- [Task details]
Determine how many lines in the entries below hold "blue". Respond with that number only.

- [Data supplied]
######

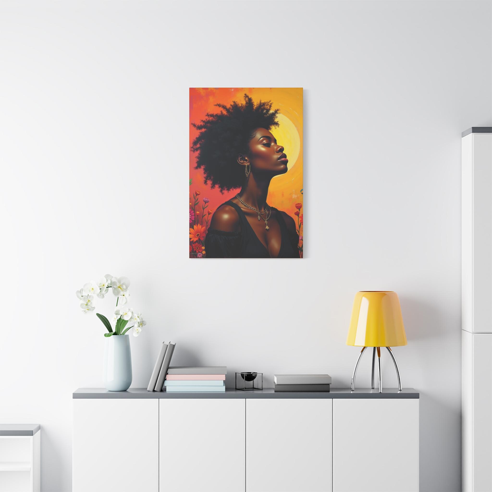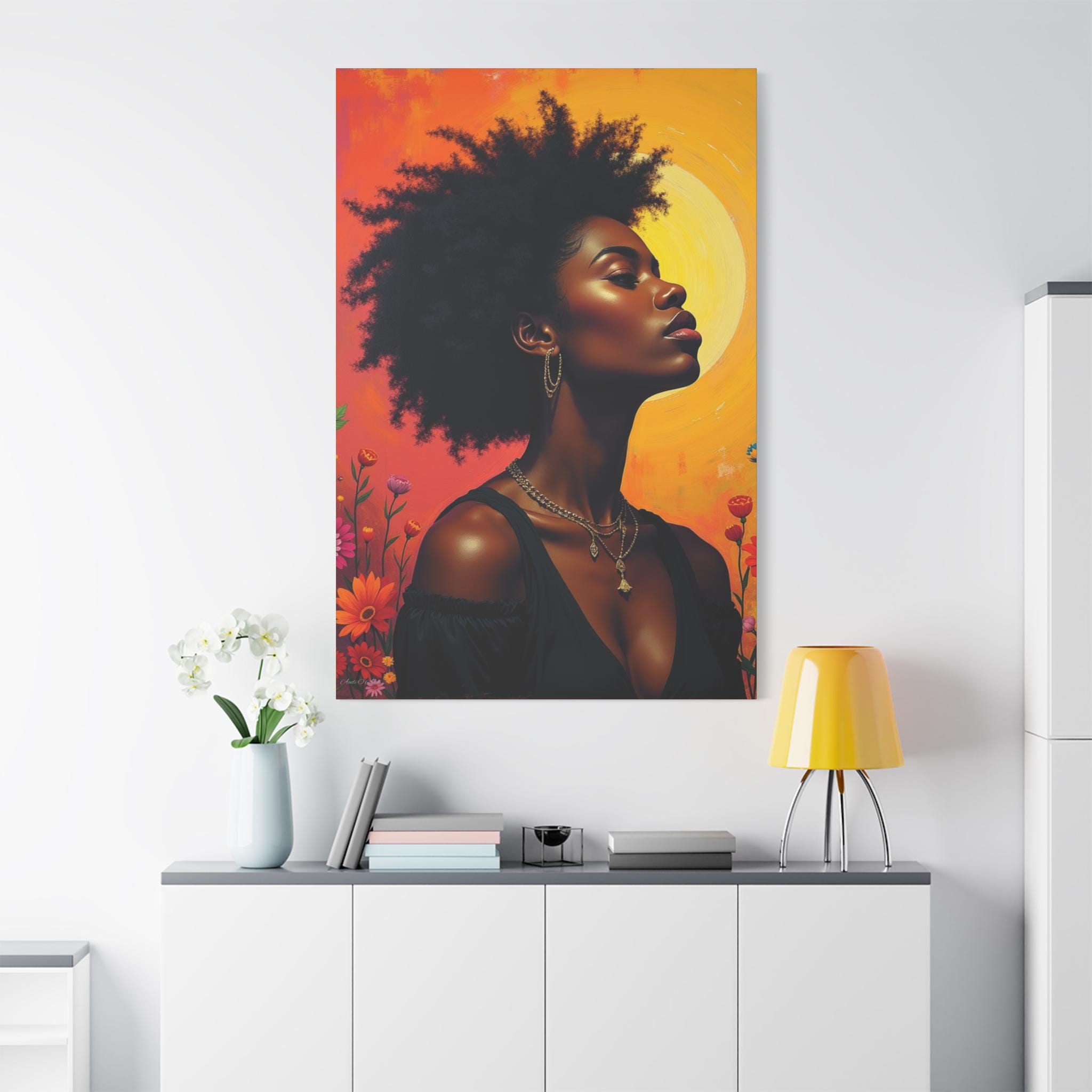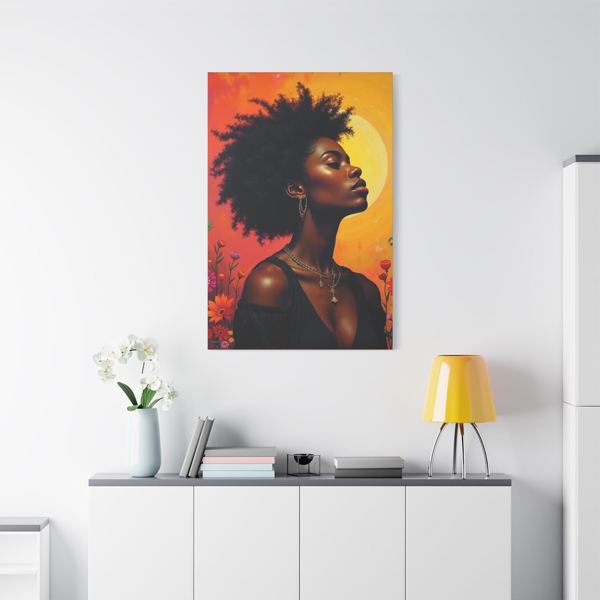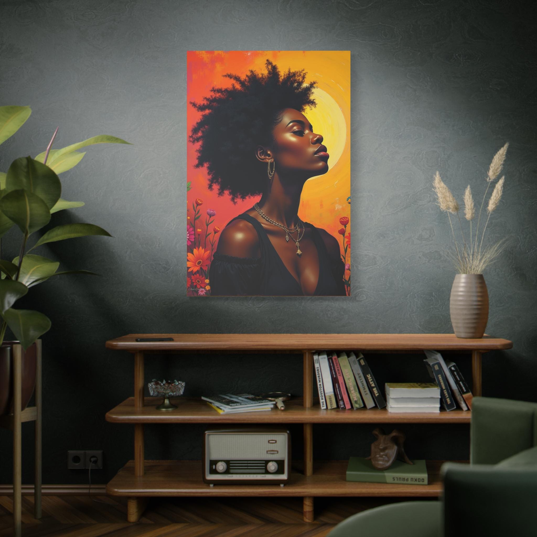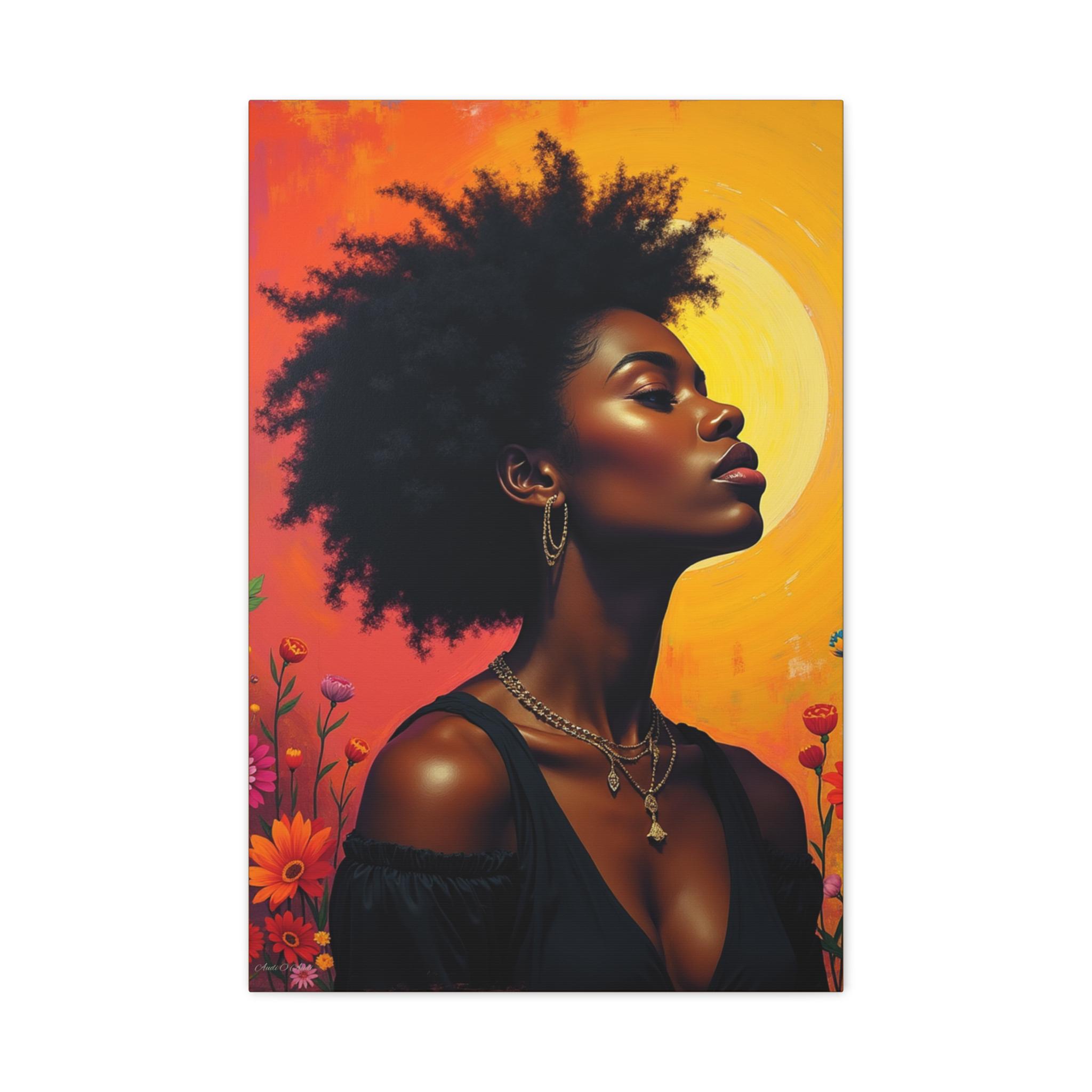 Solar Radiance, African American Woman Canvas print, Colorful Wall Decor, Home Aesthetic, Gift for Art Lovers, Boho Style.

######

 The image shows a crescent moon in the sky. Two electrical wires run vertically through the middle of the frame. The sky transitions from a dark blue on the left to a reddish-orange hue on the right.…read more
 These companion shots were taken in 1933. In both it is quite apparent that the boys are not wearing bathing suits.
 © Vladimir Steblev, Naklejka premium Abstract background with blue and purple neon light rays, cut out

######

- [Response]
2